*Source data*
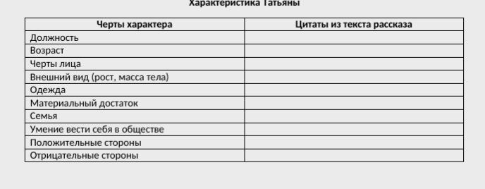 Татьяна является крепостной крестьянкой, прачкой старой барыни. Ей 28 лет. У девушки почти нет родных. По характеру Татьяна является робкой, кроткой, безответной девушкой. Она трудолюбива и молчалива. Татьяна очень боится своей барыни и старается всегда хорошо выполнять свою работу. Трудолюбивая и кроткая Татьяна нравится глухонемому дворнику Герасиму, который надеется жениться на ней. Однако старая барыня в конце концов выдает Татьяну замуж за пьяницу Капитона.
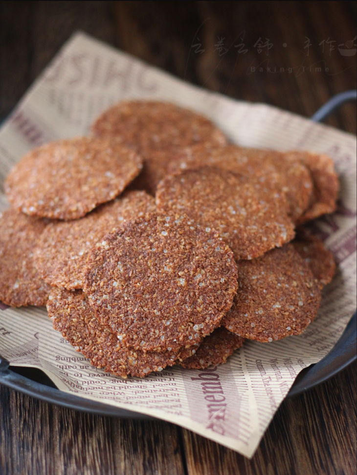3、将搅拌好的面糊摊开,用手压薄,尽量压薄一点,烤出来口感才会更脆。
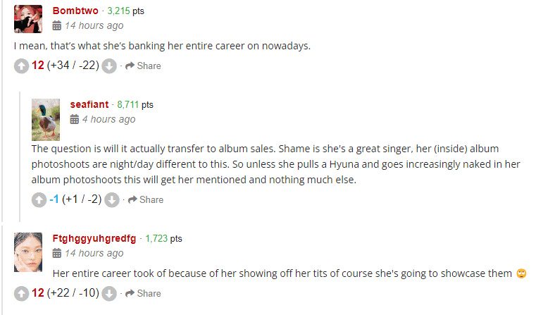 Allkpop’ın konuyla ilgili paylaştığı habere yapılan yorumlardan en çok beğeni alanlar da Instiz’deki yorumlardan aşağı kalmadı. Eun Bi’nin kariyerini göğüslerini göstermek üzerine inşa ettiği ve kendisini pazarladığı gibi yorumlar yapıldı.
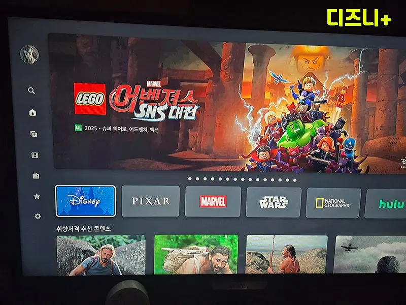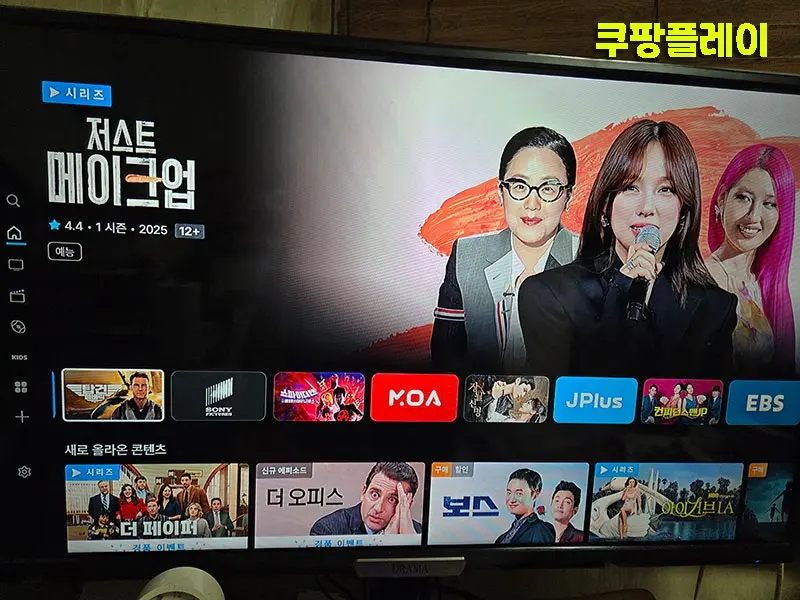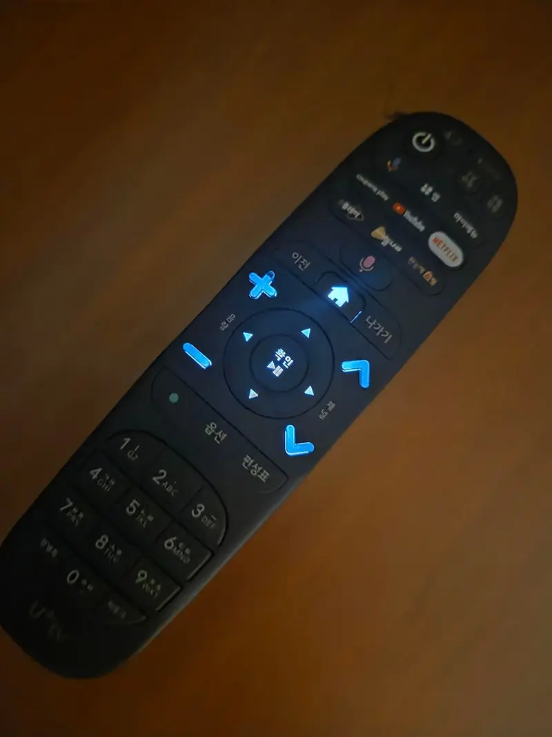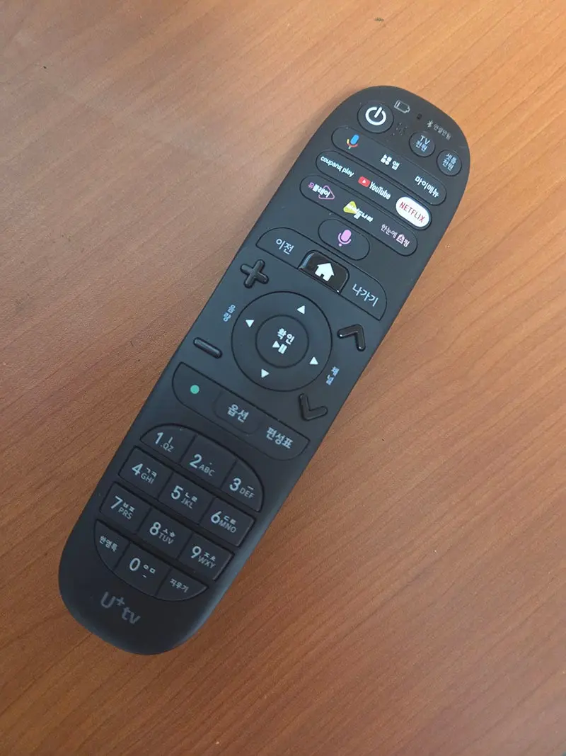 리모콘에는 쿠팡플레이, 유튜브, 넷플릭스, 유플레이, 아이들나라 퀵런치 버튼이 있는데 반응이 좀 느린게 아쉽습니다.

*Task directions*
Return the whole listing, word for word, and leave out every picture.

*Output of the task*
 Татьяна является крепостной крестьянкой, прачкой старой барыни. Ей 28 лет. У девушки почти нет родных. По характеру Татьяна является робкой, кроткой, безответной девушкой. Она трудолюбива и молчалива. Татьяна очень боится своей барыни и старается всегда хорошо выполнять свою работу. Трудолюбивая и кроткая Татьяна нравится глухонемому дворнику Герасиму, который надеется жениться на ней. Однако старая барыня в конце концов выдает Татьяну замуж за пьяницу Капитона.
3、将搅拌好的面糊摊开,用手压薄,尽量压薄一点,烤出来口感才会更脆。
 Allkpop’ın konuyla ilgili paylaştığı habere yapılan yorumlardan en çok beğeni alanlar da Instiz’deki yorumlardan aşağı kalmadı. Eun Bi’nin kariyerini göğüslerini göstermek üzerine inşa ettiği ve kendisini pazarladığı gibi yorumlar yapıldı.
 리모콘에는 쿠팡플레이, 유튜브, 넷플릭스, 유플레이, 아이들나라 퀵런치 버튼이 있는데 반응이 좀 느린게 아쉽습니다.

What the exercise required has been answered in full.